■ **Requirement**
For the records below, output word for word the lines from the one with "1、在【选择赛车】界面,选定" up to and including the one with "中国出版界代表团代表、国图集". No pictures.

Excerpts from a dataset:
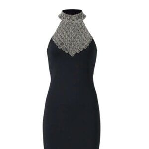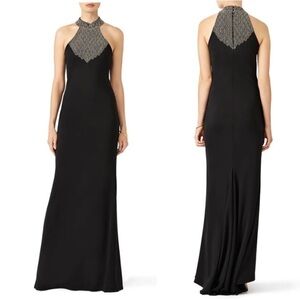 Black crepe (90% Nylon, 10% Spandex). Sleeveless. Halter neckline with beaded detail. Gown. Hidden back zipper with hook and eye closure. Fully lined. Description:
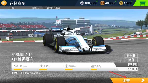 1、在【选择赛车】界面,选定【FORMULA1-F1·首秀赛车】后,点击【比赛】按钮进入赛程。
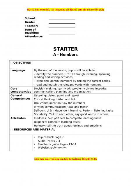 School: ____________________ Grade: ____________________ Teacher: ____________________ Date of ____________________ teaching: ____________________ Attendance: STARTER A - Numbers I. OBJECTIVES Language
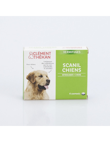 Scanil Chiens Clément Thékan est un vermifuge sous forme de comprimés contre les infestations par les cestodes (vers plats) ou nématodes (vers ronds).
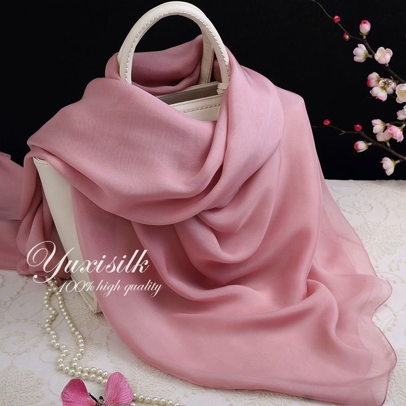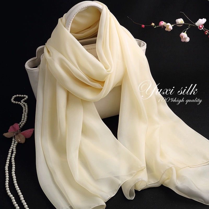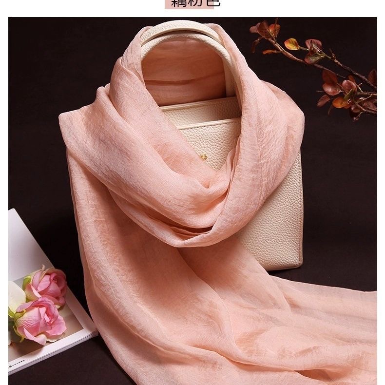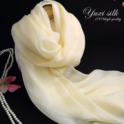 米黄色纯色桑蚕丝长款真丝丝巾披肩女纱巾春秋冬夏季丝绸围巾丝皱
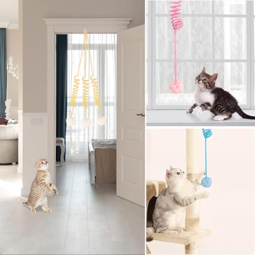 INSTALLATION FACILE : La boucle réglable du cordon élastique peut être ajustée à la hauteur souhaitée. Il suffit d’accrocher le jouet à l’endroit où votre chat doit jouer. Le ressort chat peut être accroché aux portes, fenêtres, sièges et cages afin que votre chat puisse jouer seul. Il vous libère également les mains.
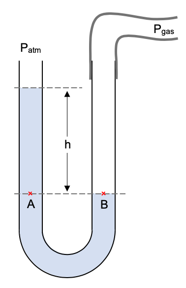 Pressure at point B is just the pressure of the gas we are measuring Pgas.
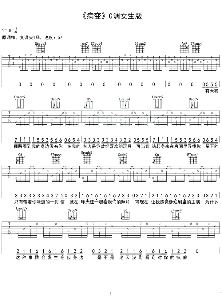 曲谱介绍:   《BINGBIAN病变》女生版由鞠文娴演唱,Jurrivh作曲。   鞠文娴带来女生版全新歌曲《BINGBIAN病变》,清晨的太阳没有什么不同,想往常一样起床,翻看着昨天我们一起照的合照,此刻的我,没有任何情绪,脑海唯独留着跟你的回忆。   Deepain的说唱与鞠文娴共同演绎这一场《病变》,疯癫的理由都是来自你。
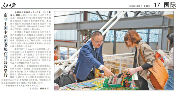 中国出版界代表团代表、国图集团内容编校中心副主任李楠表示,中国与南非两国出版界期待深化交流合作,创作和出版更多惠及两国人民的优秀图书作品,为中南务实合作提供更坚实的人文基础。
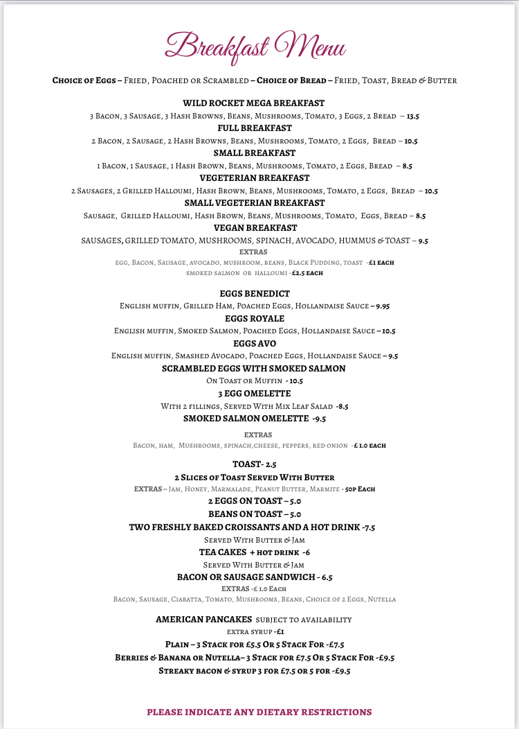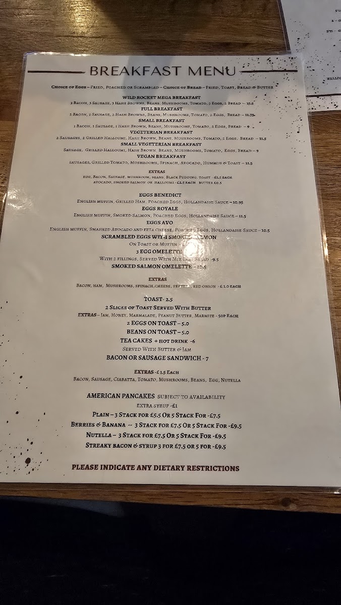 Welcome to Wild Rocket, a culinary gem nestled in Bridgwater at 18 High St. This inviting restaurant is known for its superb food, friendly service, and vibrant atmosphere. Guests rave about the variety on the menu, from hearty breakfasts to delightful evening meals. Signature dishes include a fulfilling full English breakfast and beautifully presented dinners that showcase fresh, local ingredients.
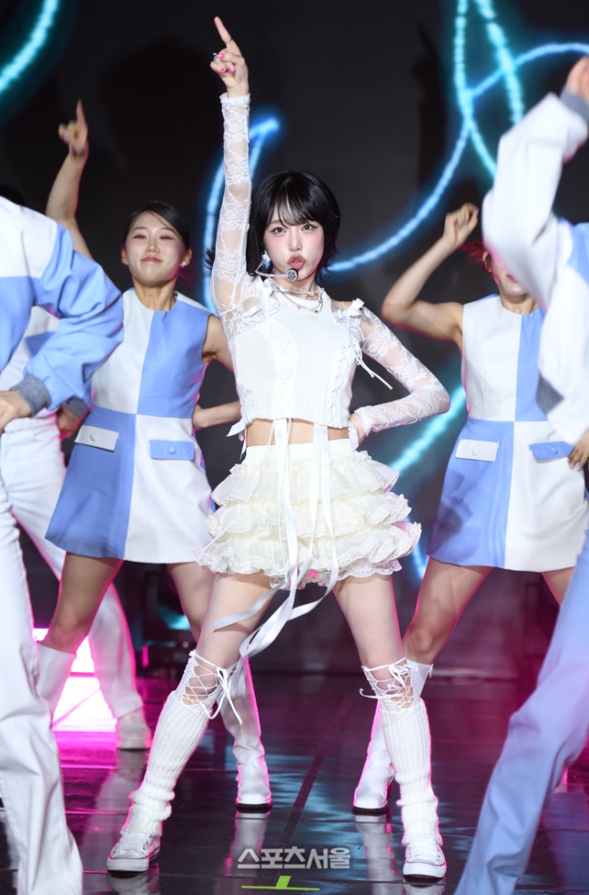 가수 최예나(YENA)가 30일 서울 강남구 일지아트홀에서 열린 세 번째 싱글 앨범 ‘네모네모’ 미디어 쇼케이스에서 공연을 하고 있다. 사진 | 최승섭기자 thunder@sportsseoul.com
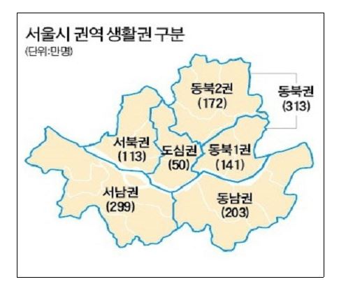 – 대상 : 서울시 5개 권역(서북, 서남, 동남, 동북, 도심)에 1개 권역을 선정 후 이에 포함되는 조직
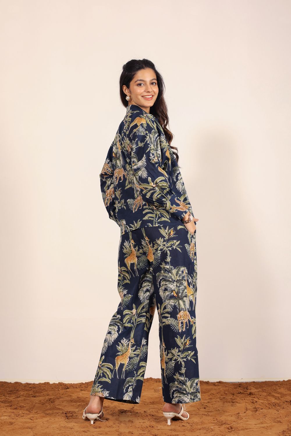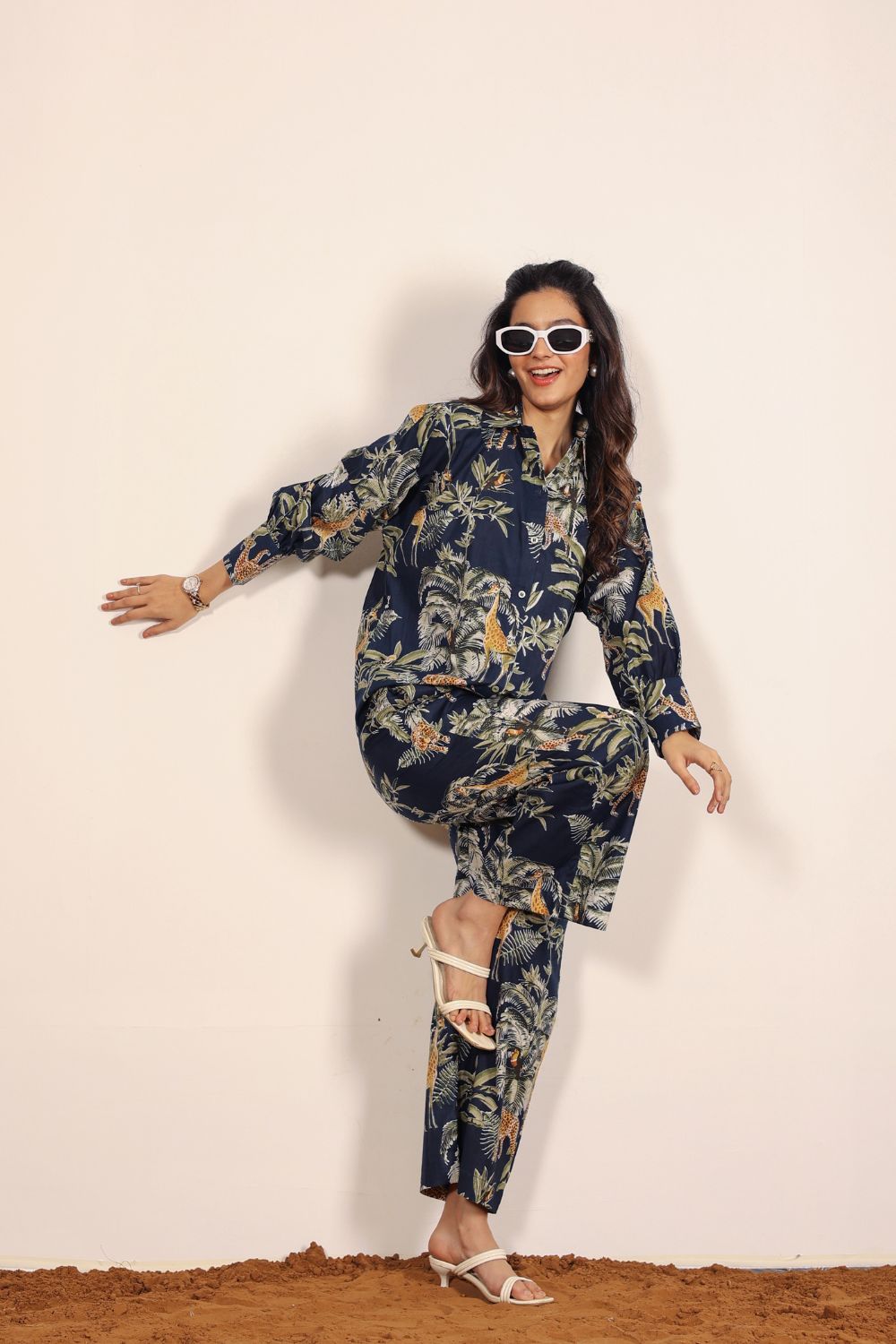 - Evening Chic: Choose a structured Designer Co-Ord Set in a bold print with block heels and statement earrings.

■ **Finished task**
 1、在【选择赛车】界面,选定【FORMULA1-F1·首秀赛车】后,点击【比赛】按钮进入赛程。
 School: ____________________ Grade: ____________________ Teacher: ____________________ Date of ____________________ teaching: ____________________ Attendance: STARTER A - Numbers I. OBJECTIVES Language
 Scanil Chiens Clément Thékan est un vermifuge sous forme de comprimés contre les infestations par les cestodes (vers plats) ou nématodes (vers ronds).
 米黄色纯色桑蚕丝长款真丝丝巾披肩女纱巾春秋冬夏季丝绸围巾丝皱
 INSTALLATION FACILE : La boucle réglable du cordon élastique peut être ajustée à la hauteur souhaitée. Il suffit d’accrocher le jouet à l’endroit où votre chat doit jouer. Le ressort chat peut être accroché aux portes, fenêtres, sièges et cages afin que votre chat puisse jouer seul. Il vous libère également les mains.
 Pressure at point B is just the pressure of the gas we are measuring Pgas.
 曲谱介绍:   《BINGBIAN病变》女生版由鞠文娴演唱,Jurrivh作曲。   鞠文娴带来女生版全新歌曲《BINGBIAN病变》,清晨的太阳没有什么不同,想往常一样起床,翻看着昨天我们一起照的合照,此刻的我,没有任何情绪,脑海唯独留着跟你的回忆。   Deepain的说唱与鞠文娴共同演绎这一场《病变》,疯癫的理由都是来自你。
 中国出版界代表团代表、国图集团内容编校中心副主任李楠表示,中国与南非两国出版界期待深化交流合作,创作和出版更多惠及两国人民的优秀图书作品,为中南务实合作提供更坚实的人文基础。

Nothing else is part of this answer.